Bea provided voices for almost all female characters in Warner Bros. cartoons starting in 1942. Toward the end of the decade, someone felt another woman should be brought in.
You may think that “another woman” was June Foray, but it wasn’t. She wasn’t regularly heard until 1955. Someone else, never credited at Warners, was hired instead. Her name was Marian Richman.
There’s not a lot of information about her out there, so allow me to cobble together some things based on government records, newspapers and a few other contemporary sources.

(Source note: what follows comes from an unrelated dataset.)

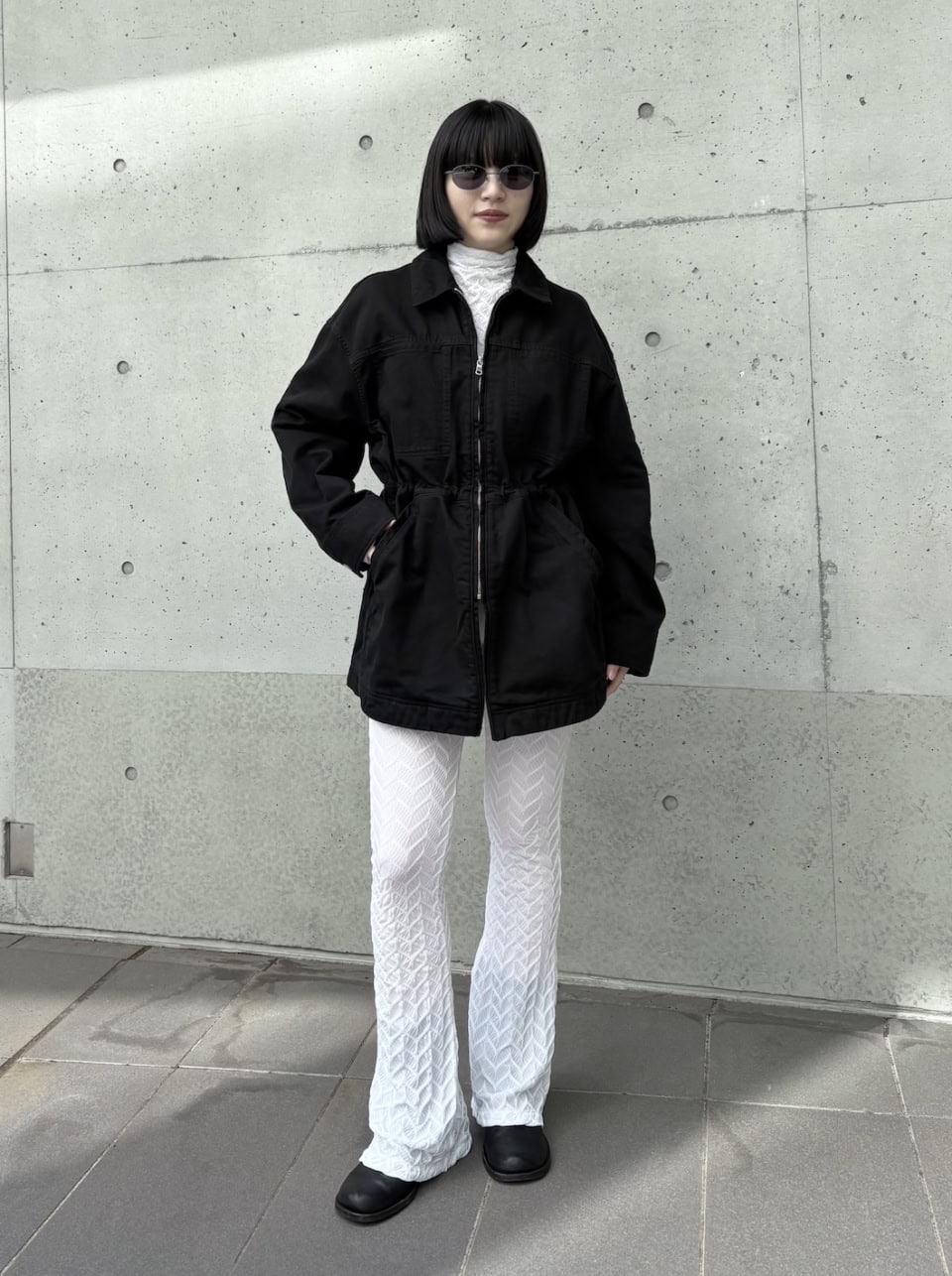 「ジャケットはトゥ エ モン トレゾア × ヨー ビオトープのもの。女性のためのデニムを作っているトゥ エ モン トレゾアとの別注アイテムです。4回目のコラボレーションで、今回は初めてジャケットを作りました。オーバーサイズなジャケットのウエストをあえて強く絞って強調させ、スタイルアップして見えるように意識しています。秋冬はファッションのトーンが暗くなりがちですが、真っ白なアイテムと合わせて、モノトーンだけど華やかな印象に。トップスとパンツはシェル柄でフェミニンな印象なので、メンズライクなサングラスとブーツを取り入れることでバランスを意識しています」

Richman was born Marian S. Pearlson on April 10, 1922. Her parents were Louis Elehoenon and Lillian (Jacobson) Pearlson. Her father had come to the U.S. from Lithuania, grew up in Boston, then moved to Los Angeles by 1906 where he went into the jewellery business. She attended Belmont High School.
She married Lionel Richman on March 27, 1944. Whether they were high school sweethearts, I don’t know, but they attended Belmont at the same time. He had been working in his father’s garment manufacturing company though, at the time of the wedding, it appears he was in the U.S. Coast Guard. After the war, he was hired by the Teamsters legal department, passing the bar in 1950.

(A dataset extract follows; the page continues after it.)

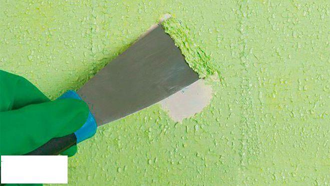 (работает и по водоэмульсионной краске в том числе), или работаем механическим путём (шлифмашинка, шпателя и так далее).

In the meantime, Marian found employment in radio, which was the home of most of the major cartoon voice actors of the era. In the “Frisco Chatter” column of Daily Variety of March 2, 1945, we learn:
Marion [sic] Richman, 21, shipyard worker and latest KPO-NBC “Opportunity Theatre” winner, appears in tomorrow’s Hollywood aircast.The Hollywood Citizen-News of June 21, 1948 reported on her. You should recognise other names in this squib.

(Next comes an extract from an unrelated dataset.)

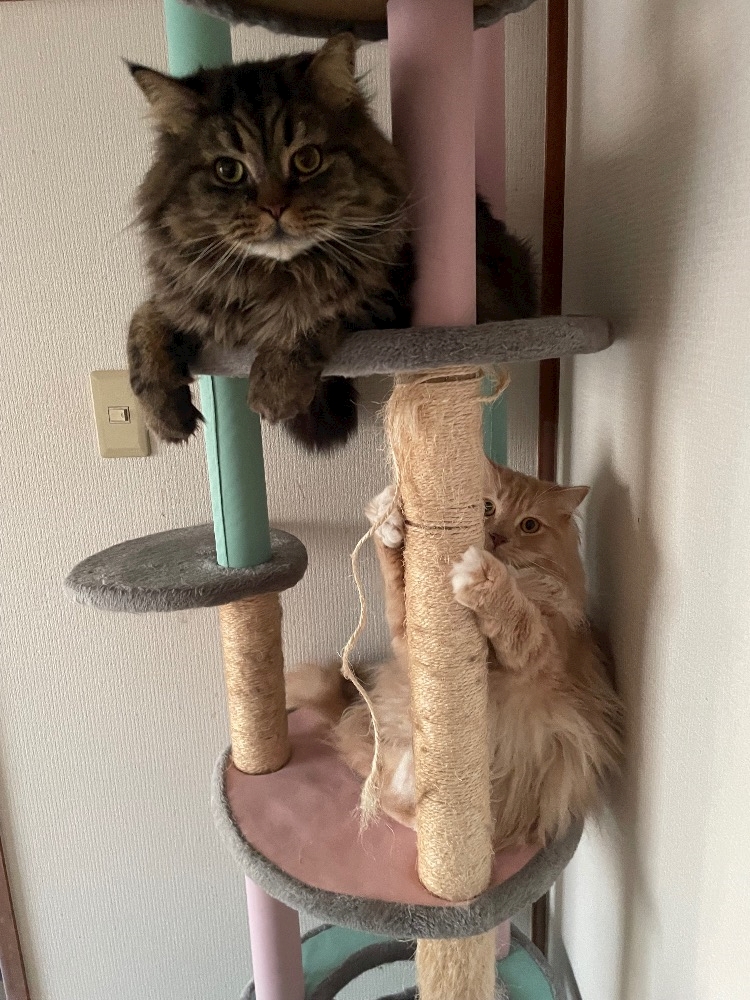 そもそもが、二人がキャットタワーの上下で陣取りやってたから(笑

A group of young radio actors, Don Messick, Daws Butler, Marian Richman, Bob Young, Frederick Campbell, Jean Young and Helen Winston, have staged a production of “Night Must Fall,” for presentation at the “little theater” of the Crescent Heights Methodist Church, Fountain and Fairfax, at 8:30 p.m. June 21 to 24. The group goes by the name of the Crescent Players.Later that year, a writer named Bob Bellem came up with the idea of talking comic books and employed Daws Butler and Marian to provide the voices. The two helped Bellem with stories while “Miss Richman keeps in voice by emitting hyena laughs from time to time,” according to a story at the time in the Los Angeles Daily News. One was called “Sleepy Santa,” and included sound effects by radio whiz Ray Erlenborn.
Television was expanding in Los Angeles at the time, from two channels at the start of 1948 to seven in Sept. 1949. TV stations grabbed talent wherever they could find it, and there was plenty in radio. The Los Angeles Mirror revealed in July 1949:
Marian Richman is one of television’s “heard, not seen” stars. She is the voice of the marionette clown Bobo on the KTTV children’s show “Bozo’s Circus” aired Saturdays at 7:30.Richman lent her voice to a puppet show, along with Butler and Colleen Collins, who you can hear in a number of MGM cartoons, such as Counterfeit Cat. The footage came from France. Gigi and Jock debuted on KTSL in Los Angeles on September 16, 1950. The Hollywood Reporter called Richman “fine” and praised Butler in its review. The series was written by Bill Asher, who went on to direct I Love Lucy and Bewitched.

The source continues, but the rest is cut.